1.2. This Work and Contribution

The previous work suggests that a nearly self-sufficient energy system would be possible in the Åland Islands. However, two research questions with implications on a more general level can be identified. First, as a system, Åland may select its targeted independence from imported electricity due to existing power transmission capacity. The previous system designs have aimed to high self-sufficiency by utilizing solutions such as vehicle-to-grid power discharging or local synthetic energy carrier production. While the system designs have been shown to be theoretically functional, the outcome relies on the utilization of advanced technology solutions and technology adoption of private consumers. Consequently, the related uncertainties may form a barrier for implementation of other parts in the system design, ultimately preventing local energy and climate targets from being achieved in time. On the contrary, while lower technological ambition could concretize as faster system implementation, tradeoffs such as a limited level of independency from imported electricity, or limitations in local fuel resource availability, may exist. As the dilemma applies to other energy systems aiming for energy transition, the study aims to quantify the potential tradeoffs.
Second, on technology level, biomass CHP has been shown to be a feasible option generally and for the studied island energy system. With the local biomass availability, the inertia of the district heating grid and a connected thermal energy storage, the system would benefit from the flexibility provided by the biomass CHP. However, it is unclear how the option compares to other cost-optimal designs from the system viewpoint. Therefore, by evaluating different system configurations varying in wind capacity and flexibility measures, for example electrifying a part of the district heating production or utilizing a centralized electrical energy storage, the value of biomass CHP can be comparatively assessed.

2. Materials and Methods

2.1. Current Power and District Heating Sector

In recent years, imported electricity from Sweden has accounted for over 75% of electricity supply mix of Åland [37]. The electricity is transferred from Sweden to Åland through an 80 MW connection, which has a contractual limitation of 58 MW. In addition to Sweden, Finland has two transmission connections to Åland. The first connection is rated 10 MW and is primarily utilized to provide electricity for the islands, while the second connection rated 100 MW can also be utilized. In total, the transmission capacity without contractual limitations is 190 MW [38].
The most significant local source of electricity in Åland is wind power, which has represented roughly 20% of the annual supply during the recent years [37]. The current plant fleet consists of nineteen wind turbines, both onshore and offshore, with a total rated power output of 21.3 MW [39]. The installed wind capacity is expected to increase by roughly 163 MW if three planned wind projects are realized [38]. For solar PV, the local energy and climate strategy considers the technology as a complementary energy source, since solar radiation is low during the months with the highest demand. Consequently, approximately 5% of the annual electricity consumption in 2030 is expected to be supplied with solar PV [25]. Solar thermal production is not considered as a system level solution in the strategy, and therefore, not included in the study.
The majority of the district heating in Åland is produced in the Mariehamn network (119.4 GWh) [40]. In 2017, 86% of the heat was produced from renewable fuels, which are mainly residues obtained from the local wood industry [41], consisting of industrial residues (bark and sawdust) and forest residues (branches and tops). Heavy fuel oil CHP units in the network have been primarily used for heat generation, and are therefore considered as heating boilers in the study. In addition to the Mariehamn area, two small heating networks with both biomass and oil boilers exist in the region, but are excluded from the study due to low relevance for the entire system.

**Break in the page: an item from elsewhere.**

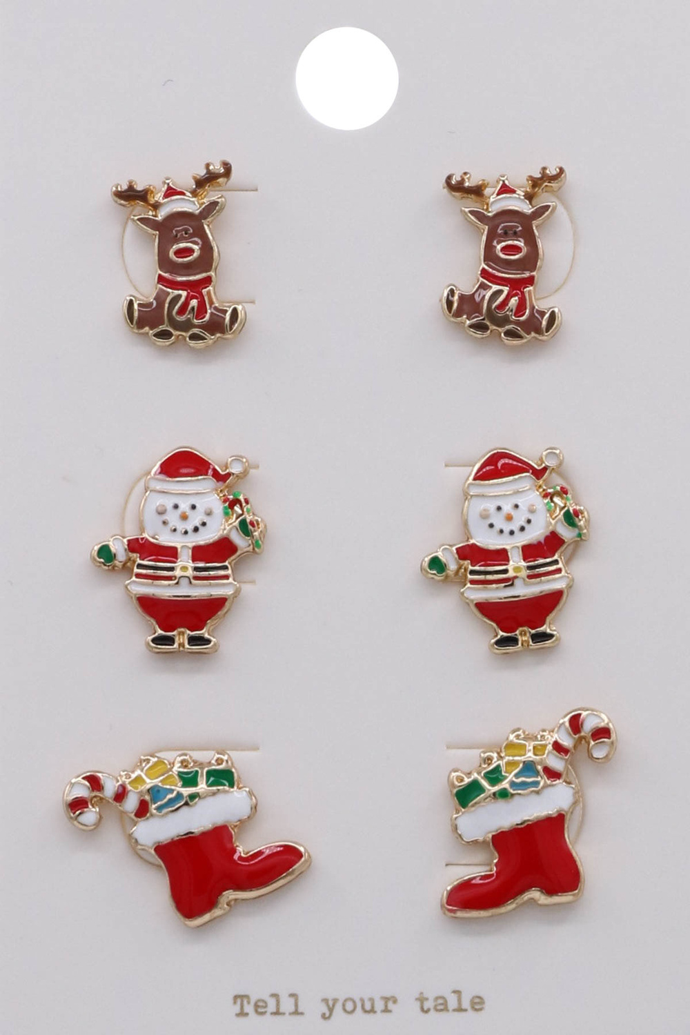 - Festive assorted post earrings featuring colorful epoxy Christmas designs. Perfect for adding joyful holiday cheer all season long.

2.2. Evaluation of Fuel Resources

In order to decrease the reliance on imported electricity and to replace the remaining fossil fuels used in district heating production, the alternative fuel resources available in the system are explored: solid biomass, biogas, and municipal solid waste. For solid biomass, the woody biomass potential for energy use based on sustainable forestry values has been assessed [42]. In order to estimate the energy content, the biomass potential values are first converted into loose cubic meters based on estimated energy density [43]. Consequently, the estimated energy content is roughly 395,000 MWh/a, or 45 MWh/h. The potential of biogas production in Åland in terms of locally available feedstock has been estimated to be approximately 35,000 tons per year [44]. Annually, roughly 3.2 million m3 of biogas with a methane concentration of 63% could be created from these sources. Using a specific energy content of 4–6 kWh/m3 for biogas [43], an average value of 16.5 GWh can be estimated as the energy content. Finally, the annual municipal solid waste potential in the Åland Islands has been estimated as 32,500 tons [45].
The solid biomass can utilized by biomass heating boilers and biomass CHP units, for which new investments can be considered realistic based on the local fuel availability. At present, the energy from biogas is mainly used in internal processes of several companies, such as a local chip factory [46] and a milk processing plant [47]. Therefore, the possibility of new biogas heating investments is excluded from the study. While direct combustion and anaerobic digestion to biogas could be used to convert the municipal solid waste into energy, the waste is currently shipped from Åland to Sweden for incineration due to the poor economic feasibility of local utilization [46]. Therefore, the work excludes the possibility for investments related to waste-to-energy.

2.3. Studied Scenarios

Based on the presented system information, seven different scenarios are formulated to evaluate the energy system feasibility and operation, consisting of capacity assumptions summarized by Table 1. Two scenarios are created to act as a reference and to validate the optimization model. The scenario “Base” estimates the current state, simulating the energy system using reference data from 2017. In scenario “BAU”, the current energy system is simulated for the year 2025, assuming the power and heating demand to increase based on the current trends. Alternative scenarios are then created for the year 2025. “Dispatch” expects moderate increase in the installed wind capacity (85 MW) and allows an investment to be made for biomass CHP with a maximum capacity of 15 MWe, combined with a thermal energy storage. “Low Variable” assumes an equal amount of wind power (85 MW), but excludes the possibility for the biomass CHP investment. The scenario “Variable” assumes that all the planned wind projects are realized, leading to a total capacity of 185 MW. Due to the high installed wind capacity, the scenario is expanded in “Variable Heat” by adding an electric boiler with a maximum capacity of 15 MWth and in “Variable Battery” by adding a battery energy storage of 15 MWh. In all the scenarios for 2025, solar PV capacity of 15 MW is assumed to exist corresponding to the expected residential capacity [25], and investments on additional biomass heating boiler capacity (maximum 30 MWth) are allowed, with BAU being an exception. The capacity assumptions for both the optimized production unit investments and fixed storage technology investments reflect the previous concept studies for the island [35,36] that include considerations of the practical unit sizing.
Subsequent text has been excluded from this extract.